Commissioner Gary Lavine, a Republican appointee, told The Post he plans on making a motion to revoke approval for Cuomo’s book deal during the public session of JCOPE’s upcoming meeting Thursday morning — which would force the ex-gov to reapply for permission.
“We promulgated a rule having to do with applications for outside activity — meaning outside income. The rule requires a vote of the commission. But there was no vote on the book deal, in fact it was never presented to us. The staff took the position that no vote of the commission was necessary.

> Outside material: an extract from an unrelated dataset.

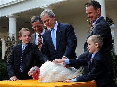 中新網(wǎng)11月27日 綜合報道,當?shù)貢r間26日,感恩節(jié)前日,小布什最后一次作為美國總統(tǒng),在白宮出席了一年一度的火雞放生儀式。在這個充滿溫暖氣氛的節(jié)日到來之際,布什的一言一行都顯得溫和、充滿感恩意味。

I will move tomorrow to rescind the informal opinion,” said Lavine.
“The grounds for rescission on the approval is the material misrepresentation that there would be no state resources used to write the book and effective its publication.”
If the measure is voted on and approved, Cuomo would have 10 business days to reapply for approval.
The panel would then review the application and take a vote to either deny or greenlight the request at a future meeting.
Lavine also said he will raise a resolution asking JCOPE to make a criminal referral to the attorney general, asking her to investigate alleged misconduct involving a 2019 leak that occurred during a private session.
The leak — reportedly concerning whether or not the panel voted to investigate ex-Cuomo aide joe Percoco — was also referred to the state Assembly Judiciary Committee to include in its impeachment probe.